MDCK cells spread extensively on LN5 using a β1 integrin. (A) MDCK cells were plated on coverslips coated with collagen I (i) or LN5 (ii–iv) for 2 h at 37°C in the presence or absence of function-blocking anti-β1 integrin (AIIB2; iii) or α6 integrin (GoH3; iv). At the end of the incubation, the cells were fixed and stained with fluorescent phalloidin and viewed by Nomarski DIC microscopy (i–iv) or fluorescence microscopy (ii; inset). On collagen, cells spread asymmetrically and extend narrow lamellipodia (i); on LN5, cells spread more extensively and symmetrically than on collagen (ii; arrowheads mark cell edges). By fluorescence, the spread cells on LN5 display thick bundles of filamentous actin at the cell periphery (ii; inset). In the presence of anti-β1 integrin, cells attach to LN5 but do not spread, and blebs are present at the cell peripheries (arrowheads; iii). In the presence of anti-α6 integrin, the cells on LN5 spread but not as extensively or uniformly as in the absence of antibody (iv). Bar, 10 μm. (B) MDCK cells were plated at subconfluent density for 24 h at 37°C on uncoated glass coverslips or coverslips coated with either collagen I or LN5. At the end of the incubation, the cells were fixed and stained with fluorescent phalloidin and DAPI. The area occupied by spread cells was then measured using MetaMorph. Cells plated on LN5 spread significantly more than those plated on either glass or collagen I. *p < 0.001 relative to uncoated control and collagen coating.

Based upon these findings, it seems clear that MDCK cells, like other epithelial cells, use both a β1 integrin and integrin α6β4 to bind to LN5. MDCK cells do not express α6β1(Schoenenberger et al., 1994). Furthermore, the β1 integrin is likely responsible for spreading of MDCK cells over LN5 coated surfaces, because antibody blocking of β1 integrins prevents spreading but not adhesion (Figure 4A, iii).

Inhibition of Laminin α3 Synthesis with siRNA

To investigate further the function of LN5 in MDCK cell morphogenesis, LN5 synthesis was disrupted by expression of a siRNA targeted to the laminin α3 subunit (Elbashir et al., 2001, 2002). In preliminary experiments, a synthetic RNA duplex based on the canine α3 sequence was transiently transfected into MDCK cells. A control RNA duplex was also transfected. As shown in Figure 5A, transfection of RNA targeted to laminin α3 eliminates mRNA detectable by RT-PCR, whereas transfection of the control RNA or the transfection reagent alone had no effect.
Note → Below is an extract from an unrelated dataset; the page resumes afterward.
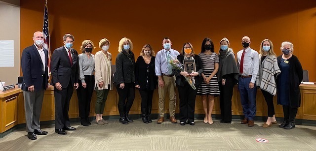 The Watertown Board of Education would like to congratulate Watertown High School Principal Dr. Janet Parlato presented with the William Cieslukowski Outstanding First-Year Principal Award from the Connecticut Association of Schools in May 2020. An official presentation of her plaque was presented to her on November 2, 2021, at a ceremony at Watertown High School by Bill Silva, Associate Executive Director from the Connecticut Association of Schools. The First Year High School Principal award recognizes a first year high school principal who has had a positive impact on their school or school district.

For additional experiments, the RNA sequence against the target was engineered as a short hairpin in an adenoviral vector, and an adenovirus stock was prepared. When this “D5” stock was used to infect MDCK cells, and LN5 immunoprecipitated with a polyclonal antibody from metabolically labeled cells, the α3 band was almost completely absent (Figure 5B, arrowhead, D5 lane). In contrast, α3 was readily detected in immunoprecipitates from control (noninfected, Co) cells and cells infected with an adenoviral vector expressing LacZ (Figure 5B, LZ). Strikingly, increased amounts of both β3 and γ2 chains were present in the labeled samples (Figure 5B, D5, arrowhead), suggesting that the knockdown of laminin α3 synthesis leads to either the relative accumulation of the other LN5 chains in the endoplasmic reticulum or to their increased synthesis.

Similarly, when extracts from D5-infected, LZ-infected, and noninfected cells were immunoblotted with the same antibody, no α3 band was detected (Figure 5C, note that the antibody does not react with γ2). Under these conditions, the intensity of the β3 band did not change significantly upon knockdown, indicating that the steady-state levels of β3 as detected by Western blotting were not detectably changed by reduction in the α3 chain (Figure 5C).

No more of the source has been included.